Urban meadows are planted areas of native grasses and herbaceous flowering plants that can take the spot of vacant lots and turfgrass lawns in urban areas. Hard-packed vacant lots are costly for cities to maintain and contribute to flooding and poor air quality. Turfgrass lawns require regular mowing and maintenance, are less effective at managing stormwater, and support less biodiversity than a thriving, diverse natural ecosystem. Urban meadows are a cost-effective strategy to reduce these challenges while providing significant community and aesthetic benefits.

Benefits of urban meadows:

Reduced maintenance costs in comparison with vacant lots and traditional landscaping
Improved stormwater management during rain events
Provision of valuable community green space

Combinations of Surfaces

By combining Smart Surface solutions, cities can maximize the benefits from a single area.

Cool roofs + bifacial solar PV allow more energy to be produced by the solar PV cells while also reflecting sunlight and heat away from the building and surrounding air.

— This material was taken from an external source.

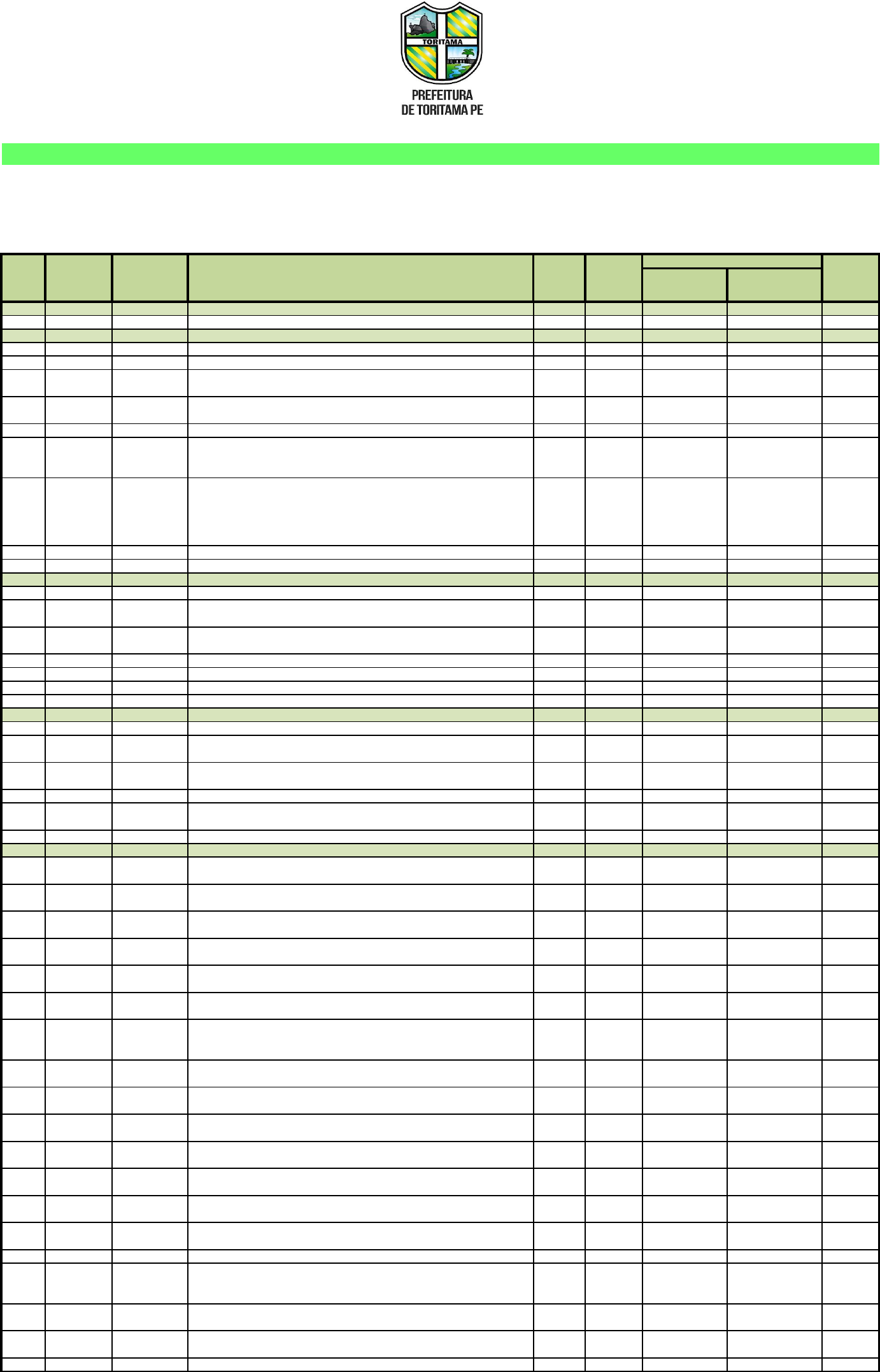 <p>Obra: CONSTRUÇÃO DE UMA ESCOLA COM 8 SALAS DE AULA, (CONCRETO/PVC - MODELO CONSTRUTIVO EM SÉRIE)</p><p>Município: Toritama - PERNAMBUCO</p><p>Endereço: RUA ANTONIO SOARES, ESQUINA DA RUA PEDRO ÂNGELO DA SILVA - FAZENDA VELHA - TORITAMA - PE</p><p>Tabelas de Referência: SINAPI DESONERADA (março/21); SEINFRA 027.1; ORSE (Fevereiro/2021)</p><p>UNITÁRIO C/</p><p>BDI=26,68%</p><p>TOTAL C/ BDI</p><p>1.0 ADMINISTRAÇÃO LOCAL DA OBRA 58.937,79R$</p><p>1.1 COMP. - 1 COMPOSIÇÃO Administração local da obra. unidade 1,00 58.937,79R$ 58.937,79R$ 1,353%</p><p>2.0 IMPLANTAÇÃO 55.202,24R$</p><p>2.1 C1046 SEINFRA Demolição de cobertura c/ telhas onduladas de fibrocimento. m² 67,41 5,59R$ 376,82R$ 0,009%</p><p>2.2 C1045 SEINFRA Demolição de cobertura c/ telhas cerâmicas. m² 93,75 13,40R$ 1.256,25R$ 0,029%</p><p>2.3 97629 SINAPI</p><p>Demolição de lajes, de forma mecâmizada com martelete, sem</p><p>reaproveitamento. AF_12/2017.</p><p>m³ 29,21 135,50R$ 3.958,29R$ 0,091%</p><p>2.4 97625 SINAPI</p><p>Demolição de alvenaria para qualquer tipo de bloco, de forma mecanizada,</p><p>sem reaproveitamento. AF_12/2017.</p><p>m³ 124,41 51,27R$ 6.378,25R$ 0,146%</p><p>2.5 C1066 SEINFRA Demolição de piso cimentado sobre lastro de concreto. m² 399,95 29,04R$ 11.614,40R$ 0,267%</p><p>2.6 100981 SINAPI</p><p>Carga, manobra e descarga de entulho em caminhão basculante 6 m³ -</p><p>carga com escavadeira hidráulica (caçamba de 0,80 m³ / 111 hp) e</p><p>descarga livre (unidade: m3). AF_07/2020.</p><p>m³ 201,61 8,27R$ 1.667,32R$ 0,038%</p><p>2.7 101207 SINAPI</p><p>Escavação vertical a céu aberto, emobras de edificação incluindo carga,</p><p>descarga e transporte, em solo de 1ª categoria com escavadeira hidráulica</p><p>(caçamba: 0,8 m³ / 111 hp), frota de 2 caminhões basculantes de 18 m³,</p><p>dmt até 1 km e velocidade média 14 km/h. AF_05/2020.</p><p>m³ 718,94 9,31R$ 6.693,37R$ 0,154%</p><p>2.8 98459 SINAPI Tapume com telha metálica. AF_05/2018. m² 222,88 104,35R$ 23.257,53R$ 0,534%</p><p>3.0 SERVIÇOS PRELIMINARES 42.959,01R$</p><p>3.1 COMP. - 2 COMPOSIÇÃO Placa de obra em chapa de aço galvanizado. m² 6,00 402,23R$ 2.413,38R$ 0,055%</p><p>3.2 93207 SINAPI</p><p>Execução de escritório em canteiro de obra em chapa de madeira</p><p>compensada, não incluso mobiliário e equipamentos. AF_02/2016.</p><p>m² 24,00 1.073,64R$ 25.767,36R$ 0,591%</p><p>3.3 99059 SINAPI</p><p>Locacao convencional de obra, utilizando gabarito de tábuas corridas</p><p>pontaletadas a cada 2,00m - 2 utilizações. AF_10/2018.</p><p>m 226,36 51,20R$ 11.589,63R$ 0,266%</p><p>3.4 C2850 SEINFRA Instalações provisórias de luz, força, telefone e lógica. unidade 1,00 1.657,23R$ 1.657,23R$ 0,038%</p><p>3.5 C2851 SEINFRA Instalação provisória de água unidade 1,00 1.270,45R$ 1.270,45R$ 0,029%</p><p>3.6 C2849 SEINFRA Instalações provisórias de esgoto unidade 1,00 R$ 260,96 260,96R$ 0,006%</p><p>4.0 MOVIMENTO DE TERRAS PARA FUNDAÇÕES 390.737,25R$</p><p>4.1 C0328 SEINFRA Aterro c/ compactação mecânica e controle, material de aquisição. m³ 3.200,64 113,37R$ 362.857,08R$ 8,329%</p><p>4.2 93358 SINAPI</p><p>Escavação manual de valas com profundidade menor ou igual a 1,30 M.</p><p>AF_02/2021.</p><p>m³ 293,01 R$ 74,16 21.729,38R$ 0,499%</p><p>4.3</p><p>93382 SINAPI</p><p>Reaterro manual de valas com compactação mecanizada. AF_04/2016. m³ 57,39 35,60R$ 2.043,23R$ 0,047%</p><p>4.4 96995 SINAPI Reaterro manual apiloado com soquete. AF_10/2017. m³ 43,98 R$ 44,96 1.977,48R$ 0,045%</p><p>4.5 101616 SINAPI</p><p>Preparo de fundo de vala com largura menor que 1,5 m (acerto do solo</p><p>natural). AF_08/2020.</p><p>m² 387,29 R$ 5,50 2.130,08R$ 0,049%</p><p>5.0 FUNDAÇÕES 452.039,19R$</p><p>5.1 95241 SINAPI</p><p>Lastro de concreto magro, aplicado em pisos ou radiers, espessura de</p><p>5cm. AF_07/2016.</p><p>m² 387,29 29,39R$ 11.382,39R$ 0,261%</p><p>5.2 C0074 SEINFRA</p><p>Alvenaria de tijolo cerâmico furado (9x19x19)cm c/ argamassa mista de cal</p><p>hidratada esp.=20cm.</p><p>m² 622,45 132,75R$ 82.630,72R$ 1,897%</p><p>5.3 96396 SINAPI</p><p>Execução e compactação de base e/ou sub-base com brita graduada</p><p>simples - Exclusive carga e transporte. AF_09/2017.</p><p>m³ 126,46 132,55R$ 16.762,19R$ 0,385%</p><p>5.4 97087 SINAPI</p><p>Camada separadora para execução de radier, em lona plástica.</p><p>AF_09/2017.</p><p>m² 1.264,59 2,85R$ 3.604,09R$ 0,083%</p><p>5.5 97086 SINAPI</p><p>Fabricação, montagem e desmontagem de forma para radier, em madeira</p><p>serrada, 4 utilização. AF_09/2017.</p><p>m² 71,97 107,37R$ 7.727,20R$ 0,177%</p><p>5.6 96535 SINAPI</p><p>Fabricação, montagem e desmontagem de fôrma para sapata, em madeira</p><p>serrada, e=25mm, 4 utilizações. AF_06/2017.</p><p>m² 162,00 133,99R$ 21.706,38R$ 0,498%</p><p>5.7 96538 SINAPI</p><p>Fabricação, monatgem e desmontagem de fôrma para sapata, em chapa</p><p>de madeira compensada resinada, e=17mm, 2 utilizações. AF_06/2017.</p><p>m² 15,00 270,08R$ 4.051,20R$ 0,093%</p><p>5.8 96536 SINAPI</p><p>Fabricação, montagem e desmontagem de fôrma para viga baldrame, em</p><p>madeira serrada, e=25mm, 4 utilizações. AF_06/2017.</p><p>m² 298,62 66,94R$ 19.989,36R$ 0,459%</p><p>5.9 92791 SINAPI</p><p>Corte e dobra de aço CA-60, diâmetro de 5.0mm, utilizado em estruturas</p><p>diversas, exceto lajes. AF_12/2015.</p><p>kg 1.948,50 15,15R$ 29.519,78R$ 0,678%</p><p>5.10 92792 SINAPI</p><p>Corte e dobra de aço ca-50, diâmetro de 6,3 mm, utilizado em estruturas</p><p>diversas, exceto lajes. AF_12/2015.</p><p>kg 201,50 15,76R$ 3.175,64R$ 0,073%</p><p>5.11 92793 SINAPI</p><p>Corte e dobra de aço CA-50, diâmetro de 8.0mm, utilizado em estruturas</p><p>diversas, exceto lajes. AF_12/2015.</p><p>kg 353,20 15,90R$ 5.615,88R$ 0,129%</p><p>5.12 92794 SINAPI</p><p>Corte e dobra de aço CA-50, diâmetro de 10.0mm, utilizado em estruturas</p><p>diversas, exceto lajes. AF_12/2015.</p><p>kg 3.830,30 14,77R$ 56.573,53R$ 1

Green roofs + solar PV generate clean energy, reduce building energy use, manage stormwater runoff, and filter air pollutants.

Porous + cool surfaces reflect heat, capture rainwater, and filter air pollutants.

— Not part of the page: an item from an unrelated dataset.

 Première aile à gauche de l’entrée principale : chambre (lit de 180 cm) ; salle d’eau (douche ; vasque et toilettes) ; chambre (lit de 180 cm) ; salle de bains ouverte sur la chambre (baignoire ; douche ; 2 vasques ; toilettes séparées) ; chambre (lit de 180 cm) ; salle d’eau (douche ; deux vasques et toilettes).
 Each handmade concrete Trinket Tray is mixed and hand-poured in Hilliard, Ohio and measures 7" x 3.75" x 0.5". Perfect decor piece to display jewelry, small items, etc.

Combination green and high albedo (reflective) roofs reduce air temperature in and around buildings, and help manage stormwater runoff.

Solar PV creates electricity from sunlight, reducing energy demand from sources that emit greenhouse gasses.

Porous, higher albedo pavers alongside streets absorb rain that runs off impervious pavement, reducing flood risk and water pollution.

Increased shading and evapotranspiration from trees cleans air and keeps sidewalks more comfortable for pedestrians, and can collectively cool entire urban areas.

Green, porous, and high-albedo parking lots reduce flood risk and absorb and emit much less heat than traditional dark, impervious asphalt parking lots.

Rain gardens allow rain to soak into the ground, reducing runoff.

Combination solar and high-albedo roofs cut urban heat while generating clean energy.

Trees provide shading and perform evapotranspiration, cooling and cleaning the air.

Sidewalk and street pavers are cooler and more porous than conventional dark, impervious pavements, reducing stormwater runoff and associated pollution and flooding risk.

Green, porous, and cool sidewalk pavers mitigate urban heat and flood risk.

Tree canopy provides shade to pedestrians and improves air quality by filtering out harmful air pollutants.

Sidewalk and street pavers that are more porous than traditional pavement reduce stormwater runoff and associated pollution and flooding risk.

Solar PV generates clean electricity from sunlight.